* _Provided information_:
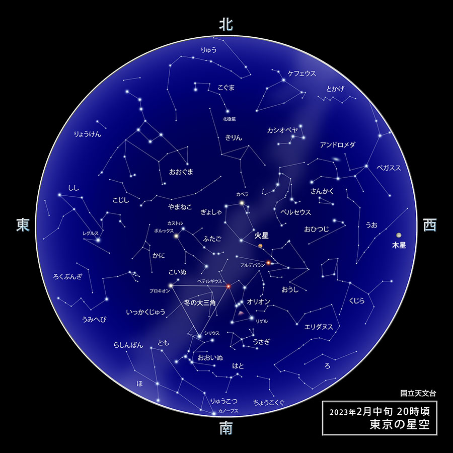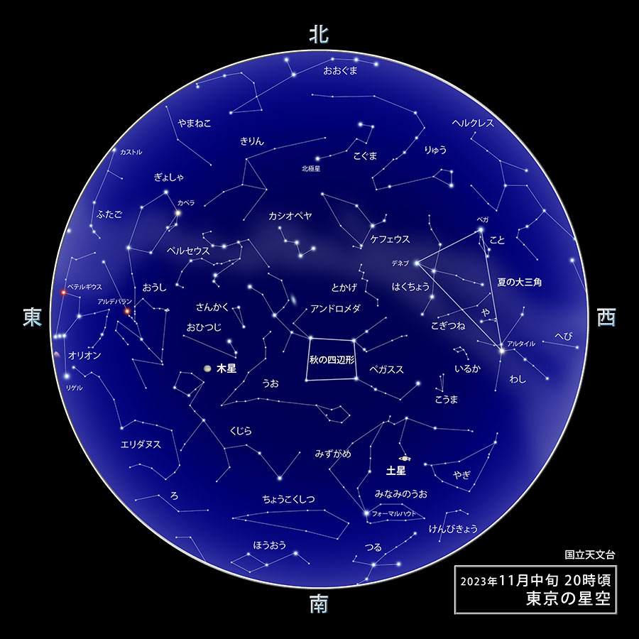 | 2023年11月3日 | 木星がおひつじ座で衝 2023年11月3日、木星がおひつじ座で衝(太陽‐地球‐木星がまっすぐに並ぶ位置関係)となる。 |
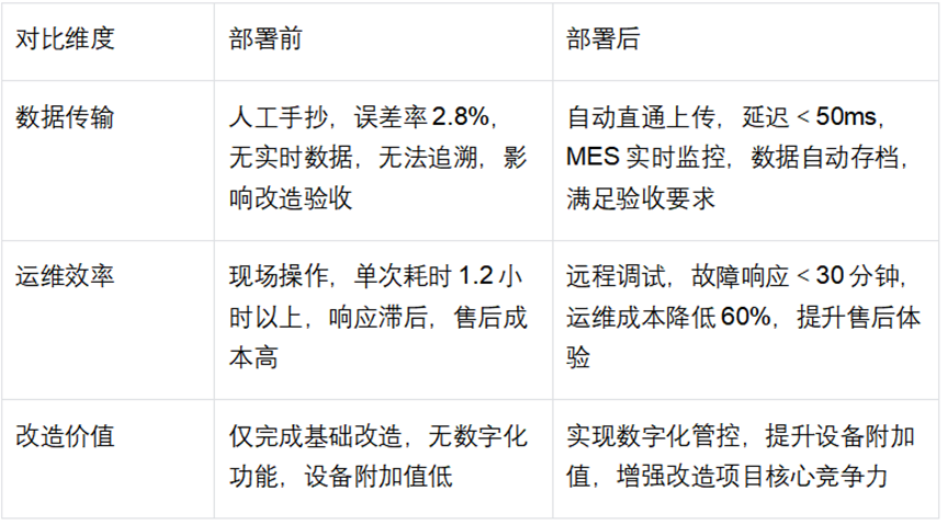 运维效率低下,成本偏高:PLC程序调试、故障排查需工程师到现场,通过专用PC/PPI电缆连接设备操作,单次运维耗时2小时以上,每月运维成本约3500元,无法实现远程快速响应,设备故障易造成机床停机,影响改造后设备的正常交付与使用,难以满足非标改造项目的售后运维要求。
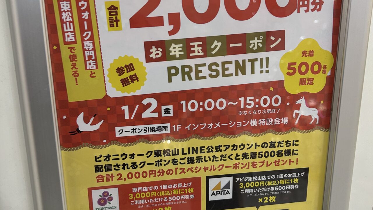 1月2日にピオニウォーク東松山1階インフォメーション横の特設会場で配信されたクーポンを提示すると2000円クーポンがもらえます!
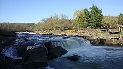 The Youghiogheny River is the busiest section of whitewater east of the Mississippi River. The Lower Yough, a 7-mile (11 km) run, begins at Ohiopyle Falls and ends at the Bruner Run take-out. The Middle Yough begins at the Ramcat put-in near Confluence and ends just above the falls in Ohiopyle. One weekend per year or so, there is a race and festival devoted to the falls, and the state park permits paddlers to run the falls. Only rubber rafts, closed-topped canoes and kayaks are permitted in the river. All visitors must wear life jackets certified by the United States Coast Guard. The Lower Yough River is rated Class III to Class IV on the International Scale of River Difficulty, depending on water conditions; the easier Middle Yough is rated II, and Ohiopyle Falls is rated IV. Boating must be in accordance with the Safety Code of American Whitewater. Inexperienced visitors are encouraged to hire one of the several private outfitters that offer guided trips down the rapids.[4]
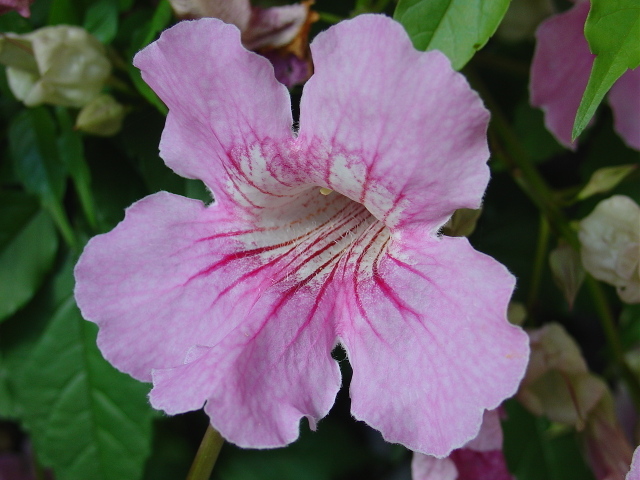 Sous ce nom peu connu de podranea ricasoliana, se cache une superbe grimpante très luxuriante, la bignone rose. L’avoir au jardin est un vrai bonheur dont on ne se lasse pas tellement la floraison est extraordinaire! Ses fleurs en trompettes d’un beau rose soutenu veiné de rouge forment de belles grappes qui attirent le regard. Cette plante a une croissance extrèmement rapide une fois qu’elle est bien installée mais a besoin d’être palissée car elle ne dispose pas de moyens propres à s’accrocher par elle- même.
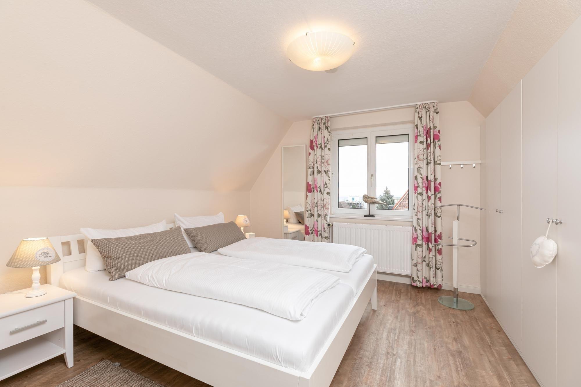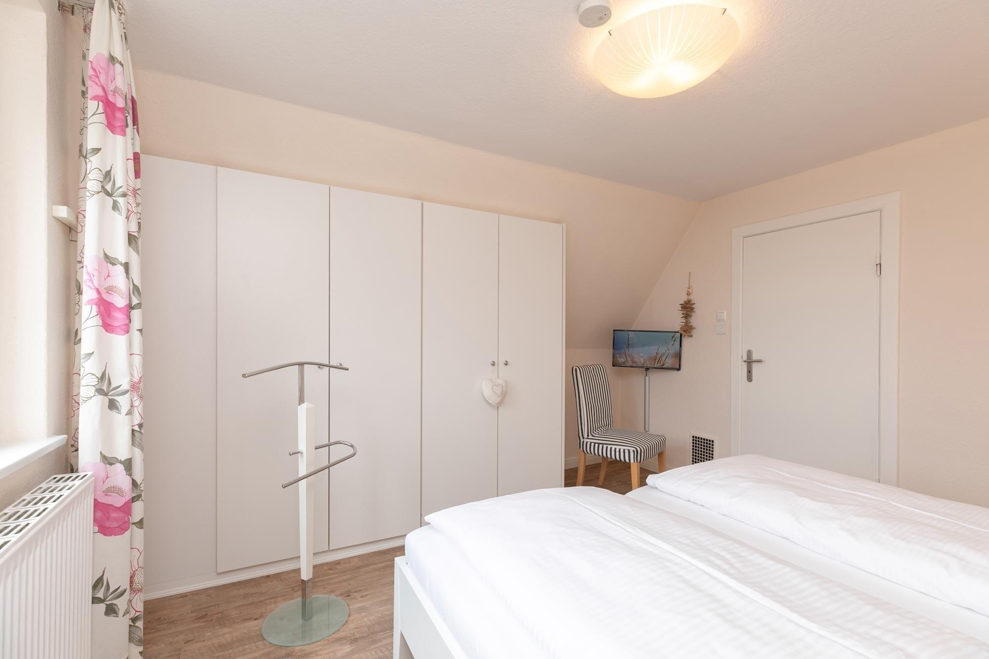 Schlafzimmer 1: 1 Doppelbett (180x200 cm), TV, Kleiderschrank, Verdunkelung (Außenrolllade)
* * *
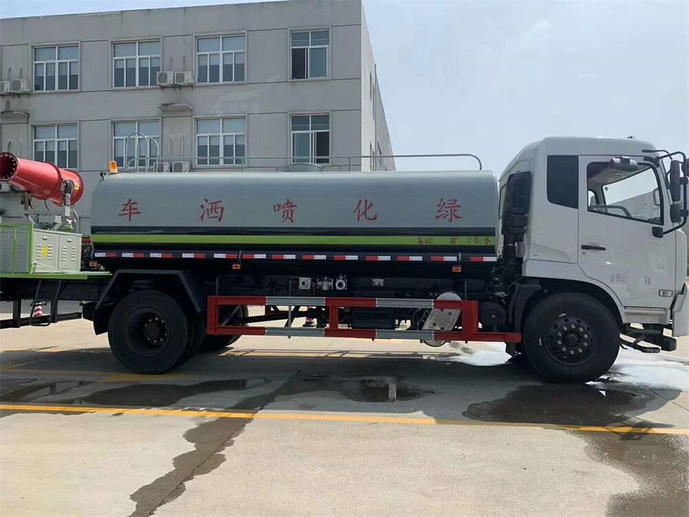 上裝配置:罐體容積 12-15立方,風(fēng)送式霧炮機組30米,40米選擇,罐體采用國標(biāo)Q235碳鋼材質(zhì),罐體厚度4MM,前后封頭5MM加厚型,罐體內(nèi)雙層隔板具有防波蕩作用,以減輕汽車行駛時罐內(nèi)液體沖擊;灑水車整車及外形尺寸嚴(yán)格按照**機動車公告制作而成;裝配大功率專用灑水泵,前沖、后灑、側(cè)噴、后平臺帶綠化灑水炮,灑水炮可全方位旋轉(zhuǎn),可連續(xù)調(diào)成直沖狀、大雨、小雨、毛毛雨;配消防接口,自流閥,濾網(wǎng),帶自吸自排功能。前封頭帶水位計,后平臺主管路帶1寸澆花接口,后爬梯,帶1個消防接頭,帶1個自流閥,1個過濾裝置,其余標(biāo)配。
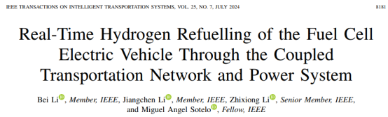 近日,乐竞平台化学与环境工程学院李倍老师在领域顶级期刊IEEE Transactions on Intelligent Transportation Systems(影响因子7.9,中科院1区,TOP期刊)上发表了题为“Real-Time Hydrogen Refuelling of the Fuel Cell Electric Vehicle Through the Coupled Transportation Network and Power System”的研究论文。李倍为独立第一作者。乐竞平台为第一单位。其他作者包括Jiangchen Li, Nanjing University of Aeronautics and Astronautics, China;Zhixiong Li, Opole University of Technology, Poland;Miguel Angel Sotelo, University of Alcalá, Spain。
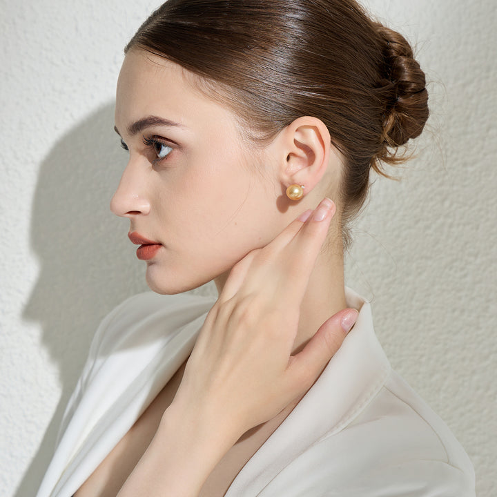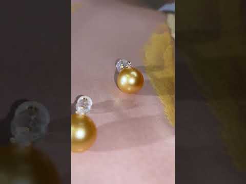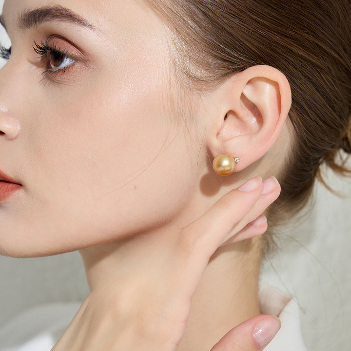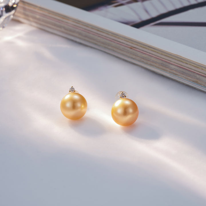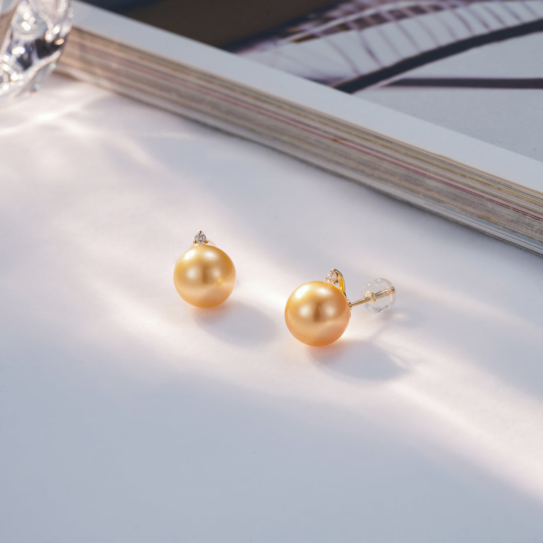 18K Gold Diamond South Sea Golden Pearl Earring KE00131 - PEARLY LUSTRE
--
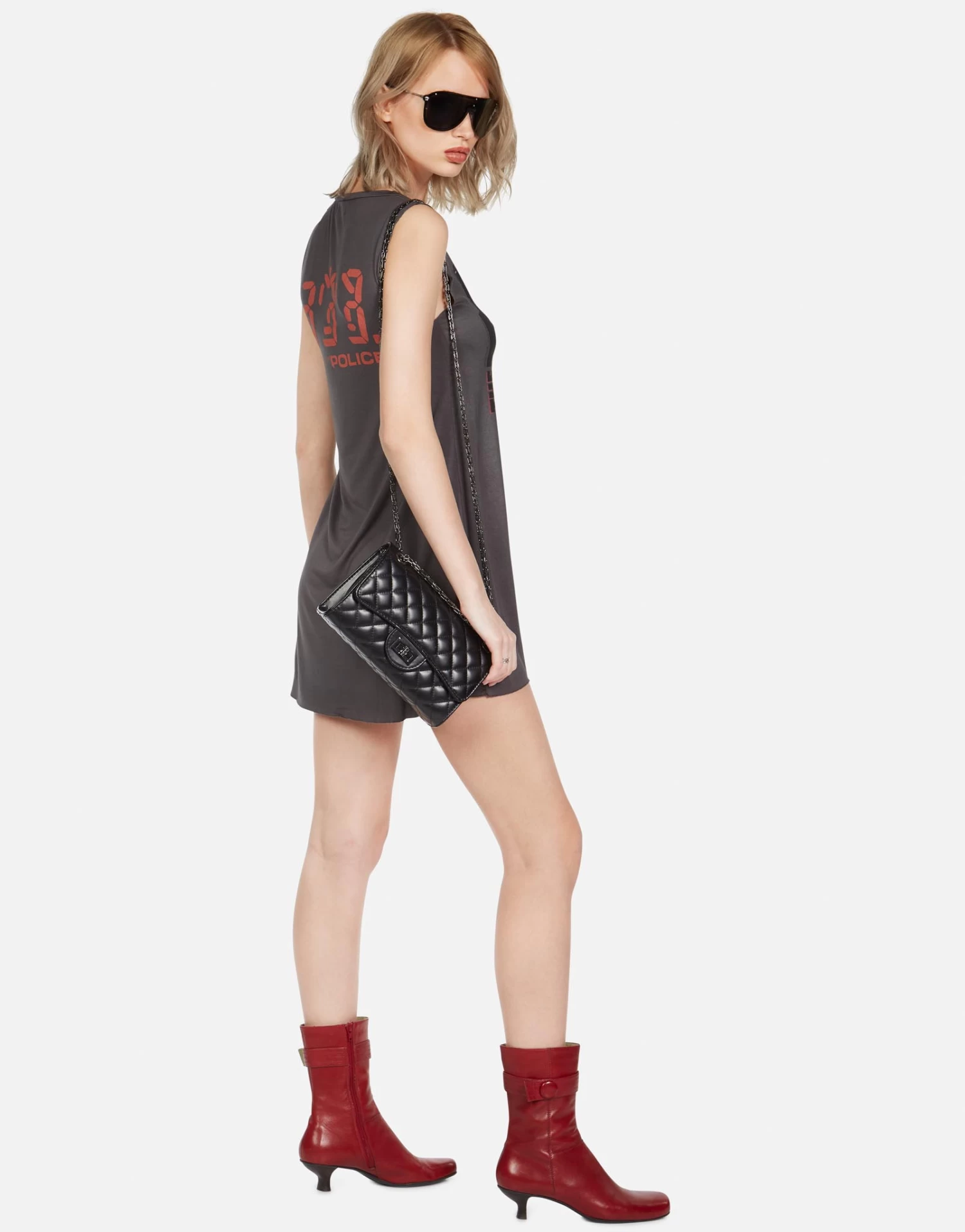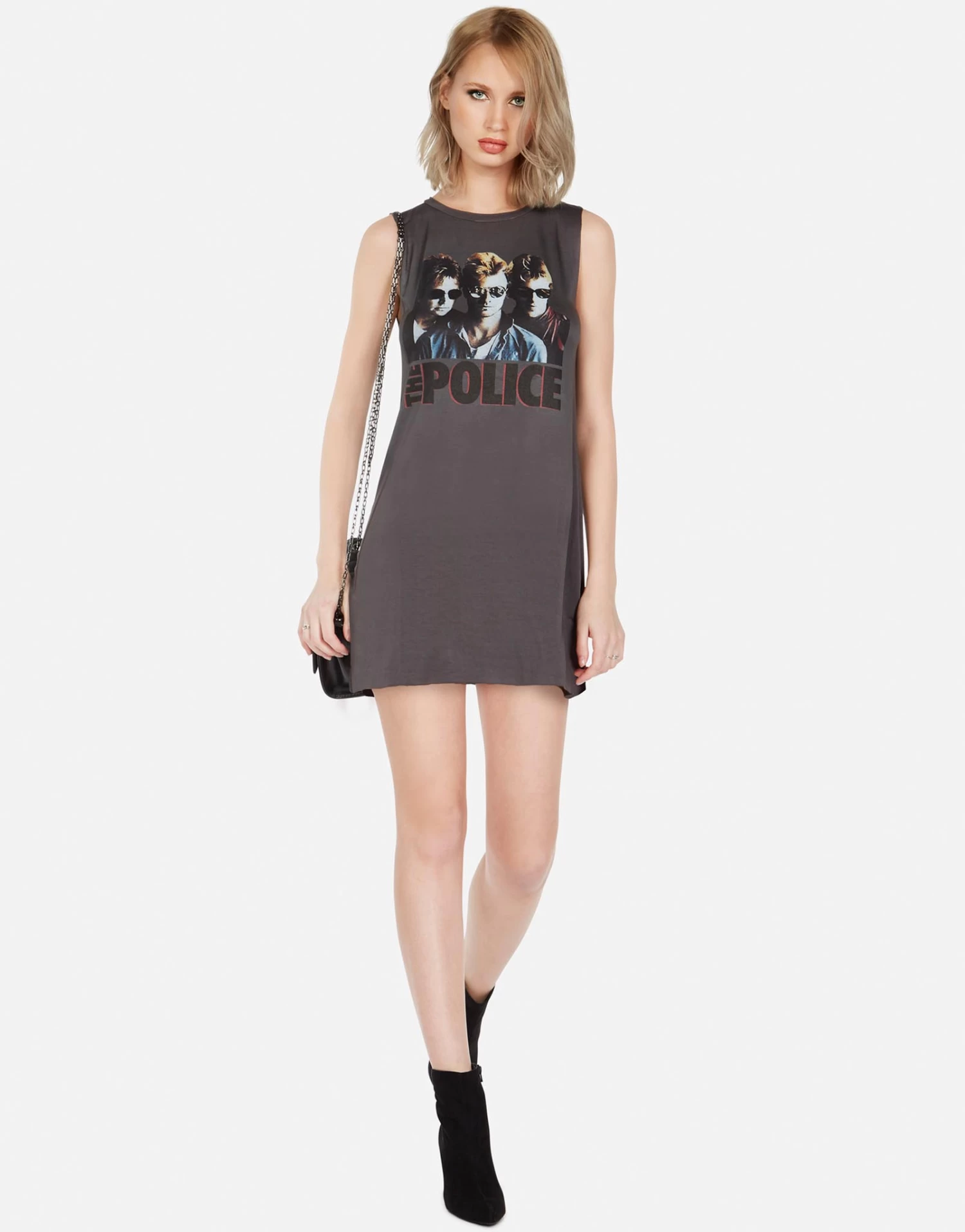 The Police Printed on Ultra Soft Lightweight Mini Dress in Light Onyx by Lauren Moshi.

* _What is needed_: Look above for the line with "1月2日にピオニウォーク東松", then print it and each line after it down to and including the line with "Schlafzimmer 1: 1". Leave out the pictures and keep the wording exact.

* _Solution to this task_:
 1月2日にピオニウォーク東松山1階インフォメーション横の特設会場で配信されたクーポンを提示すると2000円クーポンがもらえます!
 The Youghiogheny River is the busiest section of whitewater east of the Mississippi River. The Lower Yough, a 7-mile (11 km) run, begins at Ohiopyle Falls and ends at the Bruner Run take-out. The Middle Yough begins at the Ramcat put-in near Confluence and ends just above the falls in Ohiopyle. One weekend per year or so, there is a race and festival devoted to the falls, and the state park permits paddlers to run the falls. Only rubber rafts, closed-topped canoes and kayaks are permitted in the river. All visitors must wear life jackets certified by the United States Coast Guard. The Lower Yough River is rated Class III to Class IV on the International Scale of River Difficulty, depending on water conditions; the easier Middle Yough is rated II, and Ohiopyle Falls is rated IV. Boating must be in accordance with the Safety Code of American Whitewater. Inexperienced visitors are encouraged to hire one of the several private outfitters that offer guided trips down the rapids.[4]
 Sous ce nom peu connu de podranea ricasoliana, se cache une superbe grimpante très luxuriante, la bignone rose. L’avoir au jardin est un vrai bonheur dont on ne se lasse pas tellement la floraison est extraordinaire! Ses fleurs en trompettes d’un beau rose soutenu veiné de rouge forment de belles grappes qui attirent le regard. Cette plante a une croissance extrèmement rapide une fois qu’elle est bien installée mais a besoin d’être palissée car elle ne dispose pas de moyens propres à s’accrocher par elle- même.
 Schlafzimmer 1: 1 Doppelbett (180x200 cm), TV, Kleiderschrank, Verdunkelung (Außenrolllade)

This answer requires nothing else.